Satellite observations show that the world's major ocean currents have been shifting poleward over the past four decades. However, this trend is masked by strong natural variability, making it difficult to attribute the shift to human activities or to project how far ocean currents may move in the future. Reconstructing past ocean current migrations is therefore critical. The Last Glacial Maximum (LGM), characterized by substantially lower atmospheric CO₂ concentrations than today, offers a particularly valuable geological analogue for understanding how ocean currents respond to CO₂ forcing.
Foraminifera are widely distributed in the ocean. Among them, the planktonic species Globorotalia truncatulinoides (GT) migrates vertically throughout its life cycle, making it highly dependent on warm, thermally uniform water masses found only within subtropical water， where downwelling dominates. By tracking changes in GT abundance across sediment core samples from multiple sites in the North Atlantic, we found that certain sites previously suitable for GT habitation no longer supported GT populations during the Last Glacial Maximum (LGM). The retreat of the GT distribution boundary differs from the modern distribution boundary by more than 600 kilometers, suggesting that the North Atlantic Current may have shifted northward by approximately 600 km since the LGM.

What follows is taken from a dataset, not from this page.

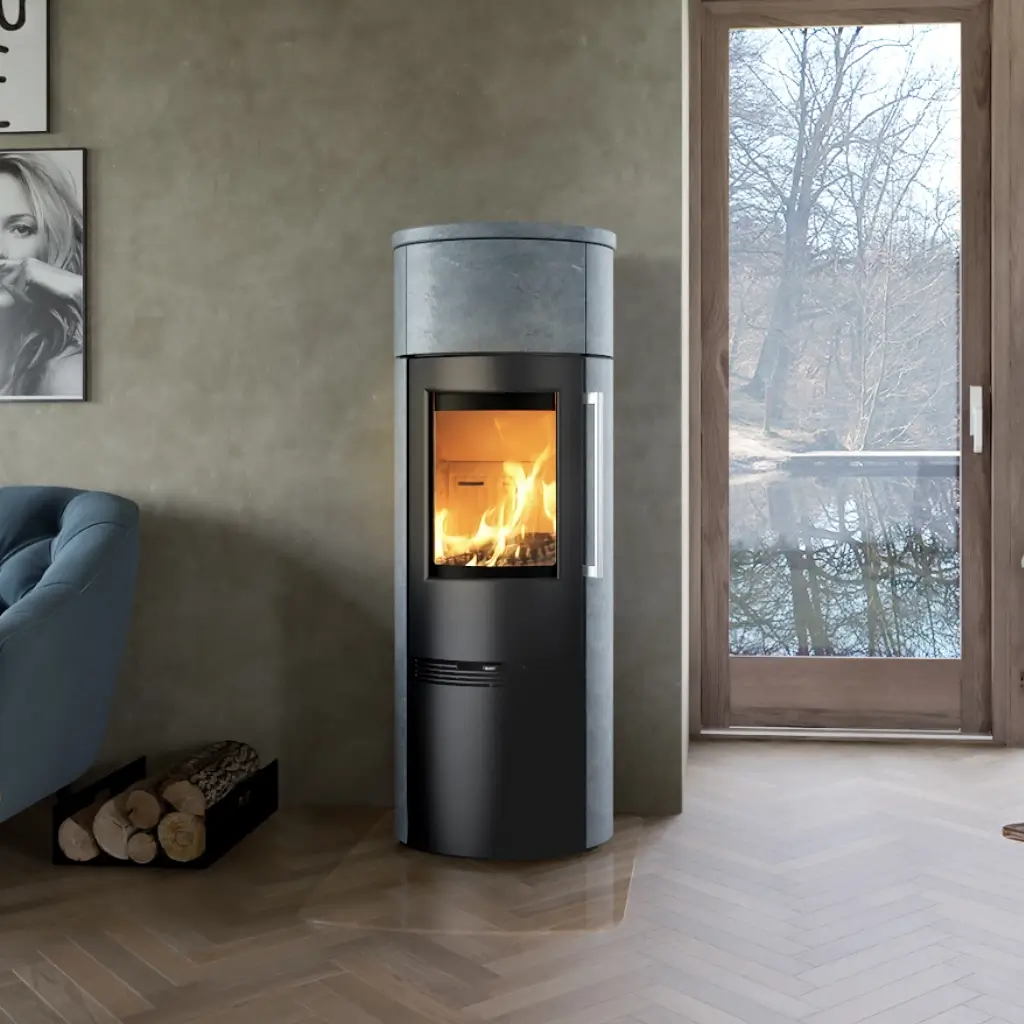 Den marmorerade täljstenen ger kaminen en naturlig, tidlös karaktär samtidigt som den håller värmen långt efter att elden har slocknat. I toppen finns ett integrerat värmemagasin som ökar kamineffekten ytterligare och ger en jämnare värmeavgivning under lång tid.

Numerical simulations support these findings. During the LGM, both lower atmospheric CO₂ concentrations and North Atlantic freshwater forcing drove the equatorward contraction of the North Atlantic current, substantially reducing its northward heat transport. This, in turn, favored the persistence of cold high-latitude climates and the stability of ice sheets over North America and Northern Europe. Together, the proxy and model evidence demonstrate that ocean current migration is a highly dynamic feature of Earth's climate history, and our reconstructed record provides an important benchmark for projecting the magnitude of future displacement.

North Atlantic Current,Last Glacial Maximum,migration